### Required work
Output the first line below and each one after it, exactly, up to and including the line holding "タイル 2 x 2 - 消防車 救助ボートパターン:[Blue / ブルー]". Pictures should not be copied.
-------------------------
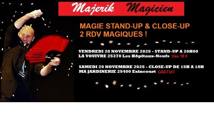 Retrouvez Majerik Votre Magicien pour deux animations magiques le vendredi 28 novembre en spectacle de magie et de mentalisme intimiste en soirée et le samedi 29 novembre 2025 en après-midi en close-up gratuit en déambulation. STAND-UP & CLOSE-UP – 2 RDV MAGIQUES FIN NOVEMBRE ! VENDREDI 28 NOVEMBRE 2025 – STAND-UP A 20H00 – LA […]
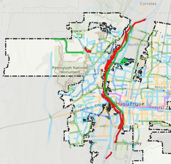 open spaces including the bosque, the Central Ave / Historic Route 66 commercial corridor, and
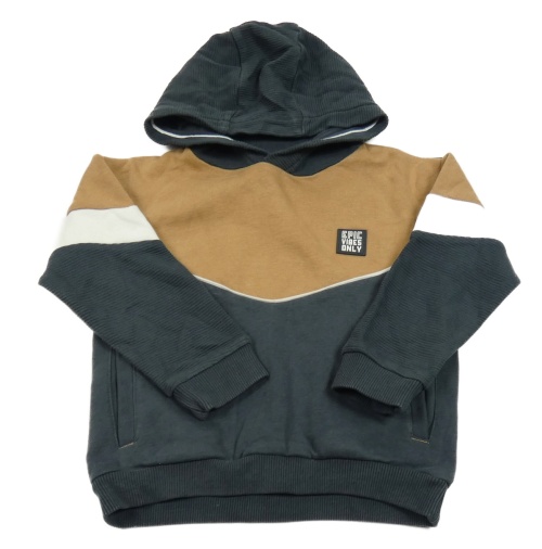 Antracitovo-hnědo-bílá mikina s nášivkou a kapucí Nutmeg
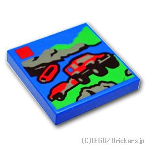 タイル 2 x 2 - 消防車 救助ボートパターン:[Blue / ブルー]
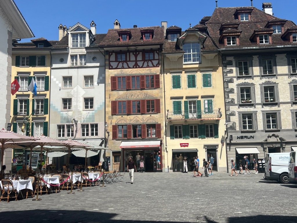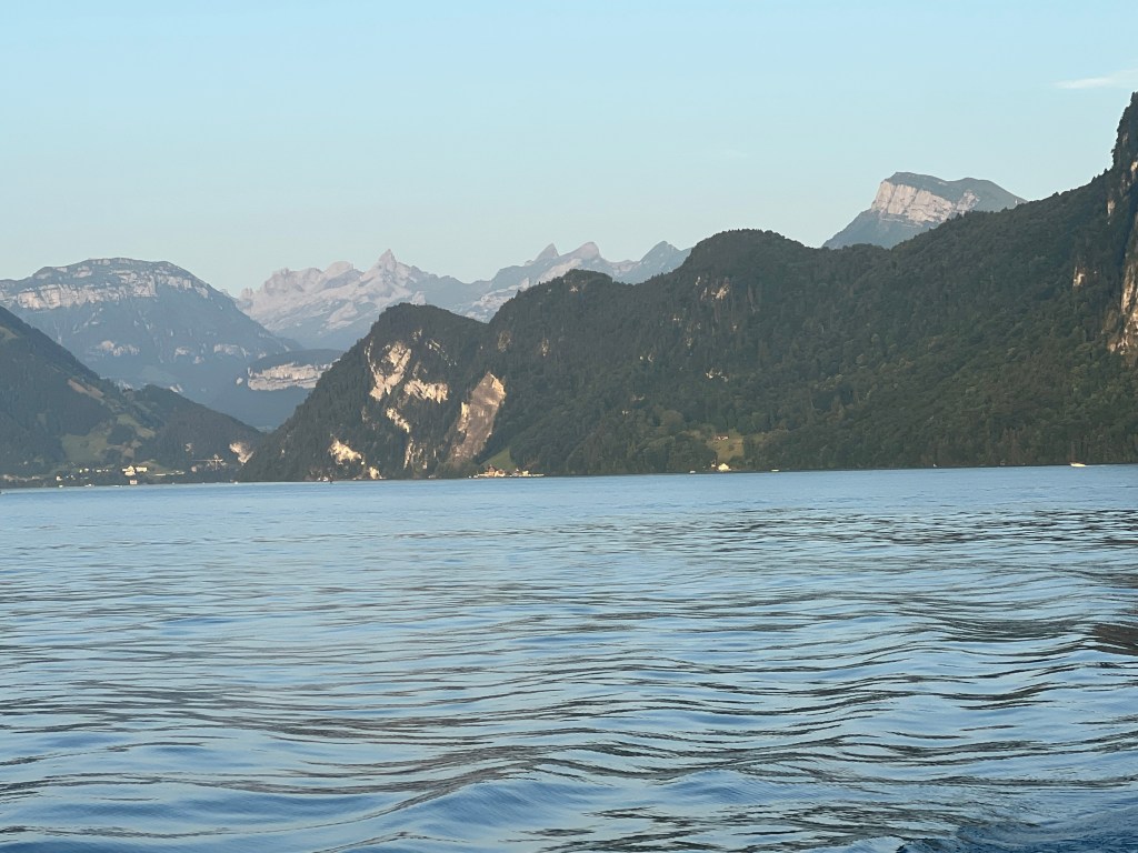 Lucerne is a 90 minute train ride from Zurich in central, Germanic Switzerland. It is known as a springboard to the higher mountains which surround a lovely lake. It is a very popular destination and a great orientation to the Alps. Here was my first mountain sighting:
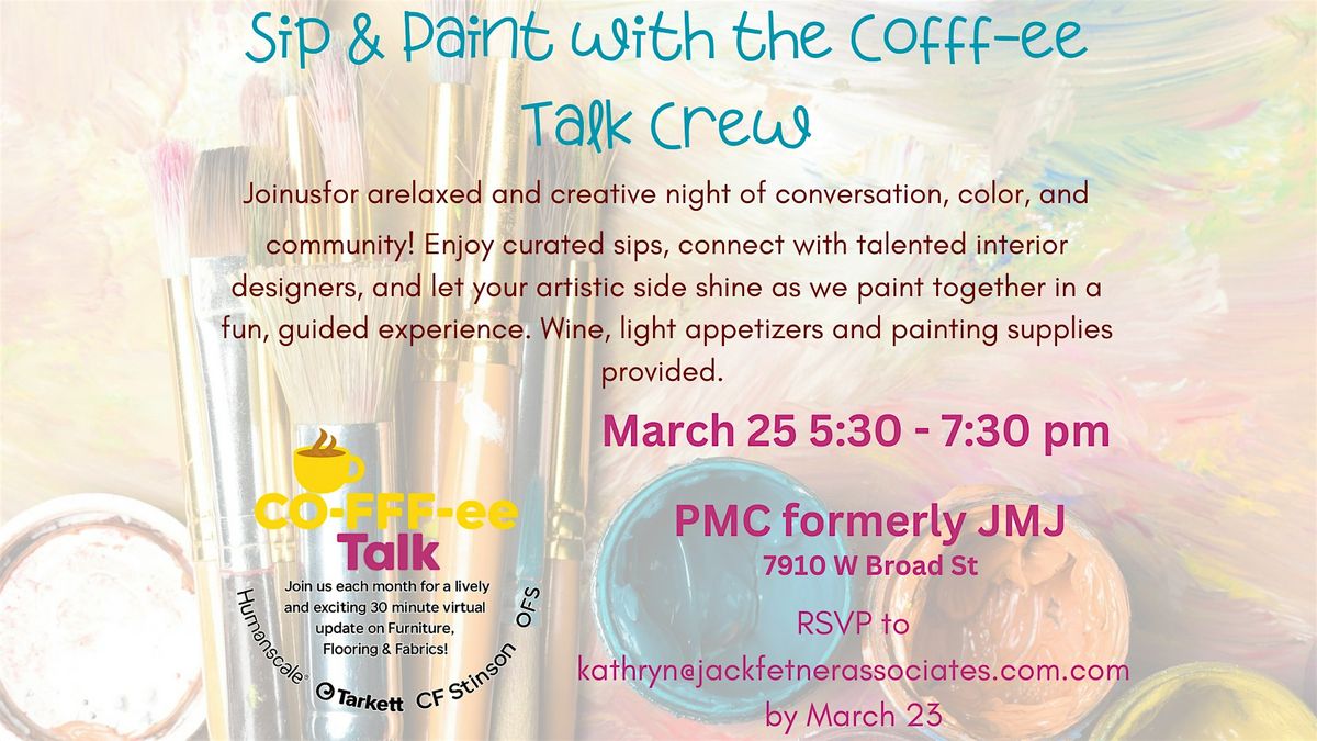 Join us for a relaxed and creative night of conversation, color, and community! Enjoy curated sips, connect with talented interior designers, and let your artistic side shine as we paint together in a fun, guided experience. Wine, light appetizers and painting supplies provided.
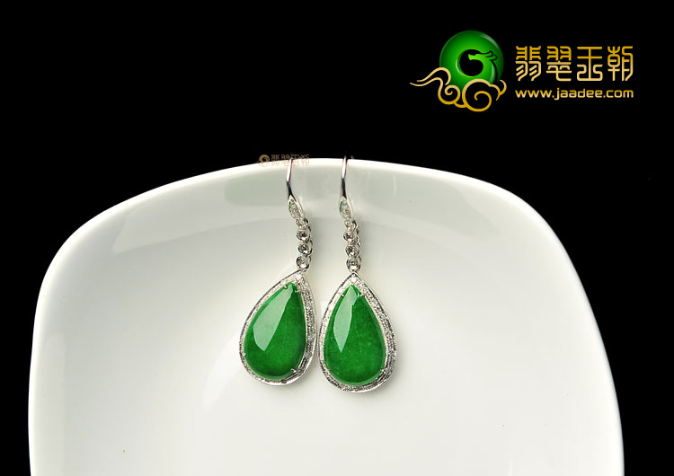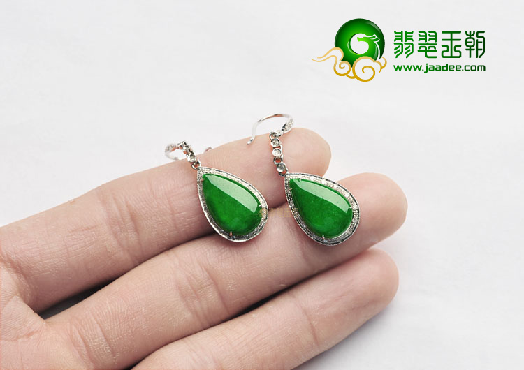 糯冰种正阳绿镶白金水滴耳坠(真钻)
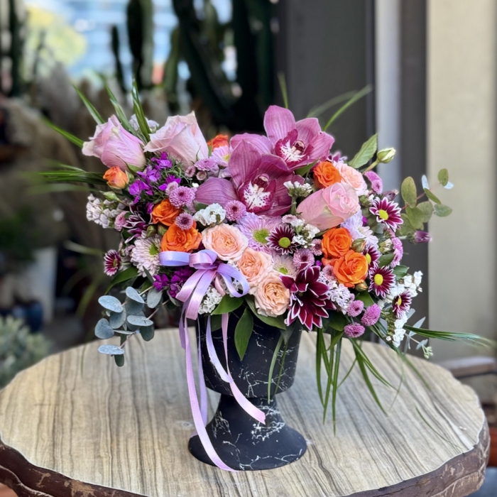 Sevdiklerinize unutulmaz bir sürpriz yapın! Kandilli Çiçek Aranjmanı, zarif lila güller, mor orkide, beyaz krizantemler ve mevsim çiçekleri ile özenle hazırlanmıştır. Siyah mermer desenli lüks vazo içerisinde sunulan bu özel tasarım, romantik anlarınızı taçlandırmak için mükemmel bir seçimdir.
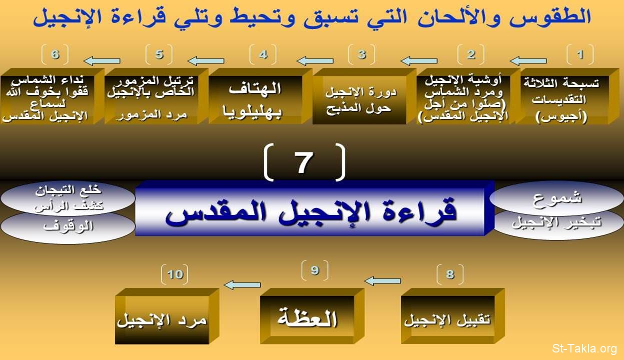 رسمة توضح الطقوس التي تسبق وأثناء وتلي قراءة الإنجيل (من مقال الألحان القبطية وأبعادها الخمسة - م. جورج كيرلس).
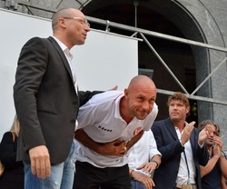 grida che arrivano anche da corso Matteotti, dove gli ultrà si sono messi in marcia cantando a squarcia gola: gli irriducibili arrivano fin sotto il palco, dove sventolano lo striscione «Laurenza, le tue idee i nostri sogni». Il patron riceve anche una sciarpa biancorossa mentre gli ultrà sputano veleno sul predecessore: Antonio Rosati che, dopo aver aperto il ciclo più vincente degli ultimi decenni, ha scelto di passare al Genoa, a caccia di nuovi stimoli.
-------------------------
### Solution for this problem
 Retrouvez Majerik Votre Magicien pour deux animations magiques le vendredi 28 novembre en spectacle de magie et de mentalisme intimiste en soirée et le samedi 29 novembre 2025 en après-midi en close-up gratuit en déambulation. STAND-UP & CLOSE-UP – 2 RDV MAGIQUES FIN NOVEMBRE ! VENDREDI 28 NOVEMBRE 2025 – STAND-UP A 20H00 – LA […]
 open spaces including the bosque, the Central Ave / Historic Route 66 commercial corridor, and
 Antracitovo-hnědo-bílá mikina s nášivkou a kapucí Nutmeg
 タイル 2 x 2 - 消防車 救助ボートパターン:[Blue / ブルー]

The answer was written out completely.